::: Material provided :::

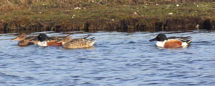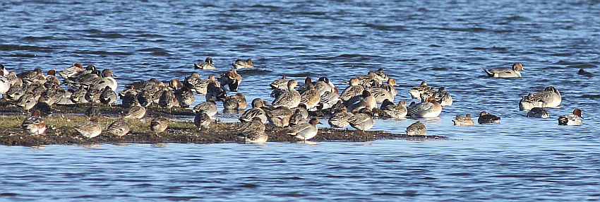 Skønsmæssigt omkring tusind svømmeænder - af de almindelige manglede - af gode grunde - kun Atlingand. Jeg så kun én Knarand, ellers var der et halvt hundrede Skeænder, omkring halvfjerds Spidsænder - resten delte sig ligeligt mellem Grå, Pibe og Krik.
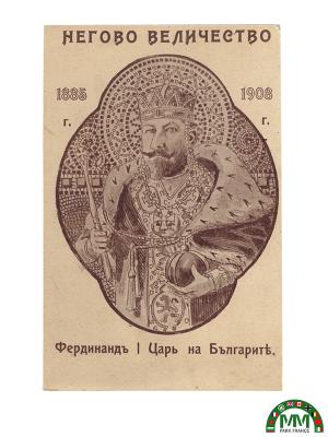 Carte postale illustrée représentant Ferdinand Ier, souverain de Bulgarie, en tenue d’apparat et avec regalia (couronne, sceptre, manteau royal). L’image est encadrée par un motif décoratif de type mosaïque. Les dates 1885 et 1908 évoquent deux étapes majeures de l’histoire bulgare sous son règne :
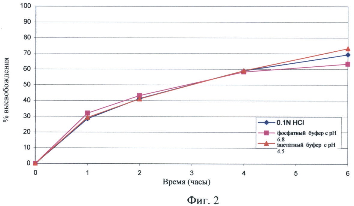 Было установлено, что вышеупомянутых требуемых характеристик можно добиться благодаря предлагаемой лекарственной форме путем использования комбинации неполимерного ингибитора высвобождения и ненабухающего pH-независимого ингибитора высвобождения. Общеизвестно, что использование pH-независимых ингибиторов высвобождения отдельно приводит к высокому начальному «взрывному» высвобождению. Однако его комбинация с неполимерными ингибиторами высвобождения позволяет получить лекарственную форму с поддерживаемым высвобождением, которая высвобождает лекарственное средство с уменьшенным начальным «взрывом» и со скоростью, не зависящей от окружающей среды, в течение значительного периода. Используемый технологический процесс отличается простотой, воспроизводимостью и подходит для крупномасштабного производства с использованием обычного оборудования.

:::

## Your assignment
Output the material above verbatim but exclude each picture.

## Written answer
 Skønsmæssigt omkring tusind svømmeænder - af de almindelige manglede - af gode grunde - kun Atlingand. Jeg så kun én Knarand, ellers var der et halvt hundrede Skeænder, omkring halvfjerds Spidsænder - resten delte sig ligeligt mellem Grå, Pibe og Krik.
 Carte postale illustrée représentant Ferdinand Ier, souverain de Bulgarie, en tenue d’apparat et avec regalia (couronne, sceptre, manteau royal). L’image est encadrée par un motif décoratif de type mosaïque. Les dates 1885 et 1908 évoquent deux étapes majeures de l’histoire bulgare sous son règne :
 Было установлено, что вышеупомянутых требуемых характеристик можно добиться благодаря предлагаемой лекарственной форме путем использования комбинации неполимерного ингибитора высвобождения и ненабухающего pH-независимого ингибитора высвобождения. Общеизвестно, что использование pH-независимых ингибиторов высвобождения отдельно приводит к высокому начальному «взрывному» высвобождению. Однако его комбинация с неполимерными ингибиторами высвобождения позволяет получить лекарственную форму с поддерживаемым высвобождением, которая высвобождает лекарственное средство с уменьшенным начальным «взрывом» и со скоростью, не зависящей от окружающей среды, в течение значительного периода. Используемый технологический процесс отличается простотой, воспроизводимостью и подходит для крупномасштабного производства с использованием обычного оборудования.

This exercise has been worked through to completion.